Local scenes are building worldwide: there’s 6PM in Berlin, Judah in Melbourne, La Fam in Amsterdam, Punkandyo in Montreal… whatever city you’re in, there’s an exciting streetwear brand with its clique. I likely don’t know about it, and that’s okay: it’s made for that designer’s local community. “Corporations — rich people — took streetwear away from us. Brands are bringing its essence back by staying local,” says Acheampong.

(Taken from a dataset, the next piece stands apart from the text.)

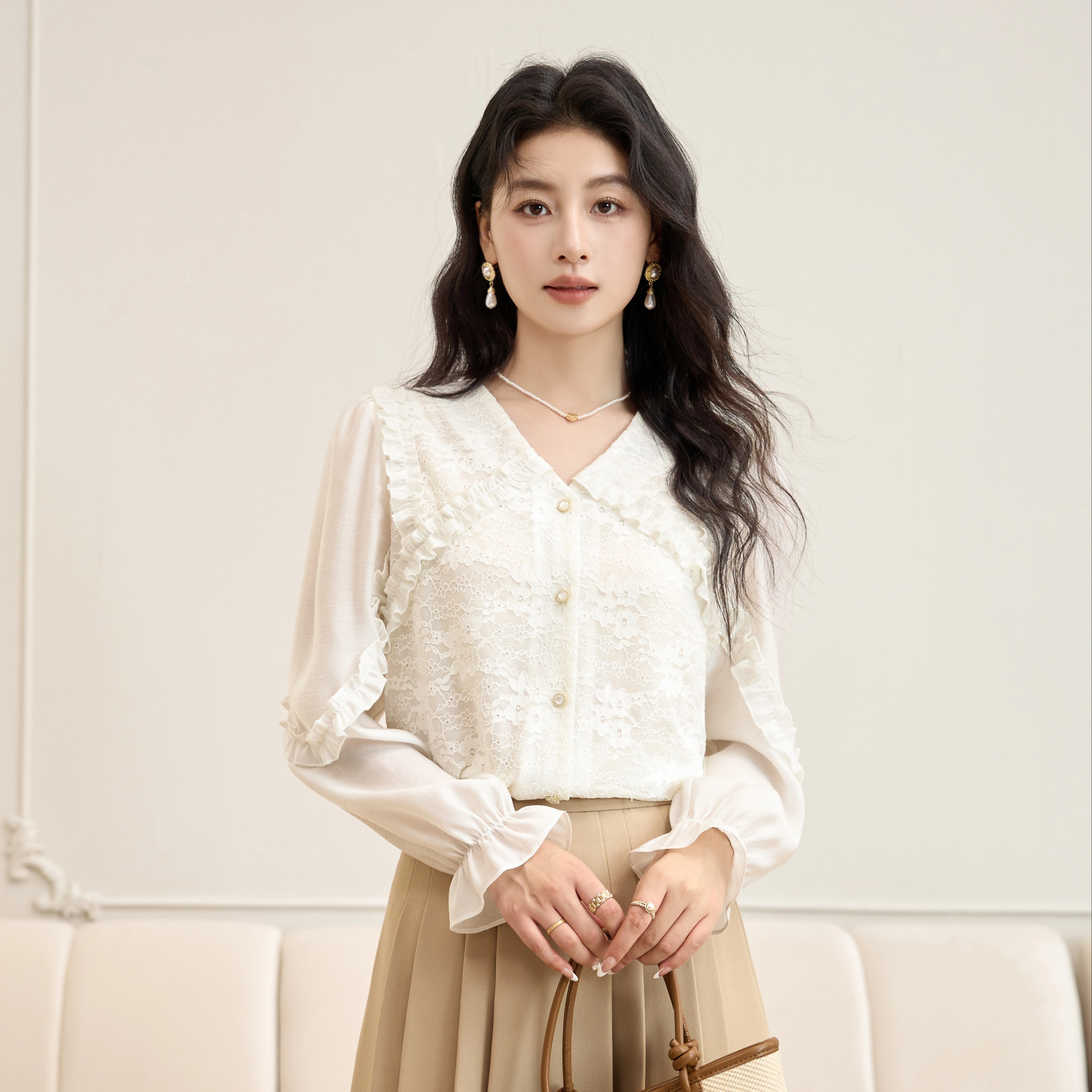 Классическая история, высококачественная изысканная кружевная рубашка, женская осенняя новинка 2025 года, французская рубашка с пышными рукавами и длинными рукавами-крылышками
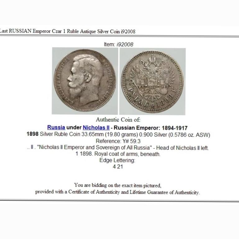 سکه نقره یک روبل روسیه تزاری

“A lot of luxury brands appropriated what streetwear is: they took the aesthetic part of it and even some of the business model stuff around collaborations but they used it as a trend, even though it was a longer-term trend,” says Morency. “It was a bit more of a movement with people like Virgil Abloh and Demna, but luxury [fashion] never really got to the gist of what streetwear is — which is for the community, by the community. And that still rings true for streetwear today.”

Since streetwear is no longer the uniform of the masses, it has swiftly been replaced. Gorpcore, or “quiet outdoor”, depending on what trend forecaster you speak to, has largely grown out of streetwear and mostly involves wearing as much GORE-TEX as possible. Meanwhile, on the other end of the spectrum, quiet luxury, the clothing of the old and rich, is both streetwear’s antithesis and successor (70% of respondents in our study found quiet luxury aspirational). Although that’s not to say streetwear is immune from the pull of old-school refinement, the likes of Aimé Leon Dore and Noah do a great job of bridging the gap.

Luxury brands and high-street fixtures are now ransacking every last piece of the quiet luxury buzz to make a quick buck. Suddenly, the same mall brands pushing out cringe-worthy graphic tees and cargo pants only a few years ago are hell-bent on bringing fine tailoring to the masses. And even the gaudiest of high-end brands, like, say, Moschino, are joining in the act. But by and large, they are leaving streetwear alone. Streetwear has been pushed back to the periphery of the fashion industry.

There’s no saying that the current crop of grassroots brands won’t plant the seeds for luxury streetwear 2.0, and it could turn out to be a more authentic movement than the first wave of luxury streetwear has proven to be.

“I think there's still a balance that can be achieved, as much as it works for some brands to be a ‘fuck you’ to the fashion world, it shouldn’t be seen as lame when a brand wants to tap into the fashion world,” says Mandella. “If we start thinking streetwear brands need to rebel against the fashion world, I think it's silly.”

Whatever may happen in the future, it’s clear for now we’re entering an interim period where brands are going back to the culture’s roots and building hype in their local community. “It was a rebellion in the ‘90s, and now it's becoming a rebellion once more,” says Nolde, who has watched the streetwear scene grow since then. 

Streetwear isn’t fashion’s flavor of the month anymore, it’s become an acquired taste. Again.